**Requirement:**
Word for word, print all of the entries below.
┌──
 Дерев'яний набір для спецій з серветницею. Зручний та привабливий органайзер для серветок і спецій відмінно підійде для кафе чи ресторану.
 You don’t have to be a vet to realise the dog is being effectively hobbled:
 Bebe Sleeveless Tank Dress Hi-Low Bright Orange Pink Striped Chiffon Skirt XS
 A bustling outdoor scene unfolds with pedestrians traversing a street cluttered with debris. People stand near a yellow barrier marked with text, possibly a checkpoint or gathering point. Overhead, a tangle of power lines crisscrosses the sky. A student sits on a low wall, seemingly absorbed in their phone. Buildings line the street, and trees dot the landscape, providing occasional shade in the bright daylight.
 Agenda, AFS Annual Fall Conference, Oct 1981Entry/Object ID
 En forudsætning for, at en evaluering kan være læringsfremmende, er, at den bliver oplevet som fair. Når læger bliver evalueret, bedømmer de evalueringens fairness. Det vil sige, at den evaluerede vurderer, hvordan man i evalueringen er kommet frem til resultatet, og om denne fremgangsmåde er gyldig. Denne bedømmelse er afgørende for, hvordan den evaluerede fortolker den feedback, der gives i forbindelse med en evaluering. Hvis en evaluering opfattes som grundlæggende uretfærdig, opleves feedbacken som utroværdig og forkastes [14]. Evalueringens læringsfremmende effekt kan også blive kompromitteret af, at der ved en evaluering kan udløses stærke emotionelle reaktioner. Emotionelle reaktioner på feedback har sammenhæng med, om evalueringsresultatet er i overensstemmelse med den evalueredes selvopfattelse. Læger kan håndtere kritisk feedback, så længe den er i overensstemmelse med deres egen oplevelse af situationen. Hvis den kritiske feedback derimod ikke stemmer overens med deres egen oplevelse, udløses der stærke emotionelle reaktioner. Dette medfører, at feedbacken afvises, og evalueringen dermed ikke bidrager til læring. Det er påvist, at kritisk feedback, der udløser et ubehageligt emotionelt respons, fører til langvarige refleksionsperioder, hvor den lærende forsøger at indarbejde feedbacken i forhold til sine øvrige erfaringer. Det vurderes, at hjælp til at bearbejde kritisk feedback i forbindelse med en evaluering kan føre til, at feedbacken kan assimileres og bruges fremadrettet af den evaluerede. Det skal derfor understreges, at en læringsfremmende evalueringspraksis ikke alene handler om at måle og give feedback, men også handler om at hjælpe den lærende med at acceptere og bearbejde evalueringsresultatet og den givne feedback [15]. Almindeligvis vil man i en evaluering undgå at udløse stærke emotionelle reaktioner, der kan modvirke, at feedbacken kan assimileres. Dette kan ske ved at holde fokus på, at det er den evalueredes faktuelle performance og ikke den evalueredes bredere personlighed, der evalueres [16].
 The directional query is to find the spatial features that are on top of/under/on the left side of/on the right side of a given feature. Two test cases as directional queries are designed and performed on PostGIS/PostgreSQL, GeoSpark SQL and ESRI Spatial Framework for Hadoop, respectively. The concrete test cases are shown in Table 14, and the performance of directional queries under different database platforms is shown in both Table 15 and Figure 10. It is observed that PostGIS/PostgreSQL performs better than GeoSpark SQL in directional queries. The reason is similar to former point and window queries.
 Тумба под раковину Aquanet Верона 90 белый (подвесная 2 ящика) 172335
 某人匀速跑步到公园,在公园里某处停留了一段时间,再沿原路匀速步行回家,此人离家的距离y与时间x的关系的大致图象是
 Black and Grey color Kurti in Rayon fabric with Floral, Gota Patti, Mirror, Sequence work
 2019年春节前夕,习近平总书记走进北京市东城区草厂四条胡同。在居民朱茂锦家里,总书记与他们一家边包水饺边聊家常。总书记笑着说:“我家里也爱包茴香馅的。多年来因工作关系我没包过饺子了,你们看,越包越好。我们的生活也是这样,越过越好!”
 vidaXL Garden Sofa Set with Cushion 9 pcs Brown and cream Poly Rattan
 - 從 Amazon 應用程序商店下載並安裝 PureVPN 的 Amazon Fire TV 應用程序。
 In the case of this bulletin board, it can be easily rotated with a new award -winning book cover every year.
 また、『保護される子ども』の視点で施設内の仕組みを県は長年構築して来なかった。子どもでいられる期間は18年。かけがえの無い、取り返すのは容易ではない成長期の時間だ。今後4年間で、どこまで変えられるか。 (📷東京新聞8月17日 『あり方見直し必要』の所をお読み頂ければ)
└──
**Exercise result:**
 Дерев'яний набір для спецій з серветницею. Зручний та привабливий органайзер для серветок і спецій відмінно підійде для кафе чи ресторану.
 You don’t have to be a vet to realise the dog is being effectively hobbled:
 Bebe Sleeveless Tank Dress Hi-Low Bright Orange Pink Striped Chiffon Skirt XS
 A bustling outdoor scene unfolds with pedestrians traversing a street cluttered with debris. People stand near a yellow barrier marked with text, possibly a checkpoint or gathering point. Overhead, a tangle of power lines crisscrosses the sky. A student sits on a low wall, seemingly absorbed in their phone. Buildings line the street, and trees dot the landscape, providing occasional shade in the bright daylight.
 Agenda, AFS Annual Fall Conference, Oct 1981Entry/Object ID
 En forudsætning for, at en evaluering kan være læringsfremmende, er, at den bliver oplevet som fair. Når læger bliver evalueret, bedømmer de evalueringens fairness. Det vil sige, at den evaluerede vurderer, hvordan man i evalueringen er kommet frem til resultatet, og om denne fremgangsmåde er gyldig. Denne bedømmelse er afgørende for, hvordan den evaluerede fortolker den feedback, der gives i forbindelse med en evaluering. Hvis en evaluering opfattes som grundlæggende uretfærdig, opleves feedbacken som utroværdig og forkastes [14]. Evalueringens læringsfremmende effekt kan også blive kompromitteret af, at der ved en evaluering kan udløses stærke emotionelle reaktioner. Emotionelle reaktioner på feedback har sammenhæng med, om evalueringsresultatet er i overensstemmelse med den evalueredes selvopfattelse. Læger kan håndtere kritisk feedback, så længe den er i overensstemmelse med deres egen oplevelse af situationen. Hvis den kritiske feedback derimod ikke stemmer overens med deres egen oplevelse, udløses der stærke emotionelle reaktioner. Dette medfører, at feedbacken afvises, og evalueringen dermed ikke bidrager til læring. Det er påvist, at kritisk feedback, der udløser et ubehageligt emotionelt respons, fører til langvarige refleksionsperioder, hvor den lærende forsøger at indarbejde feedbacken i forhold til sine øvrige erfaringer. Det vurderes, at hjælp til at bearbejde kritisk feedback i forbindelse med en evaluering kan føre til, at feedbacken kan assimileres og bruges fremadrettet af den evaluerede. Det skal derfor understreges, at en læringsfremmende evalueringspraksis ikke alene handler om at måle og give feedback, men også handler om at hjælpe den lærende med at acceptere og bearbejde evalueringsresultatet og den givne feedback [15]. Almindeligvis vil man i en evaluering undgå at udløse stærke emotionelle reaktioner, der kan modvirke, at feedbacken kan assimileres. Dette kan ske ved at holde fokus på, at det er den evalueredes faktuelle performance og ikke den evalueredes bredere personlighed, der evalueres [16].
 The directional query is to find the spatial features that are on top of/under/on the left side of/on the right side of a given feature. Two test cases as directional queries are designed and performed on PostGIS/PostgreSQL, GeoSpark SQL and ESRI Spatial Framework for Hadoop, respectively. The concrete test cases are shown in Table 14, and the performance of directional queries under different database platforms is shown in both Table 15 and Figure 10. It is observed that PostGIS/PostgreSQL performs better than GeoSpark SQL in directional queries. The reason is similar to former point and window queries.
 Тумба под раковину Aquanet Верона 90 белый (подвесная 2 ящика) 172335
 某人匀速跑步到公园,在公园里某处停留了一段时间,再沿原路匀速步行回家,此人离家的距离y与时间x的关系的大致图象是
 Black and Grey color Kurti in Rayon fabric with Floral, Gota Patti, Mirror, Sequence work
 2019年春节前夕,习近平总书记走进北京市东城区草厂四条胡同。在居民朱茂锦家里,总书记与他们一家边包水饺边聊家常。总书记笑着说:“我家里也爱包茴香馅的。多年来因工作关系我没包过饺子了,你们看,越包越好。我们的生活也是这样,越过越好!”
 vidaXL Garden Sofa Set with Cushion 9 pcs Brown and cream Poly Rattan
 - 從 Amazon 應用程序商店下載並安裝 PureVPN 的 Amazon Fire TV 應用程序。
 In the case of this bulletin board, it can be easily rotated with a new award -winning book cover every year.
 また、『保護される子ども』の視点で施設内の仕組みを県は長年構築して来なかった。子どもでいられる期間は18年。かけがえの無い、取り返すのは容易ではない成長期の時間だ。今後4年間で、どこまで変えられるか。 (📷東京新聞8月17日 『あり方見直し必要』の所をお読み頂ければ)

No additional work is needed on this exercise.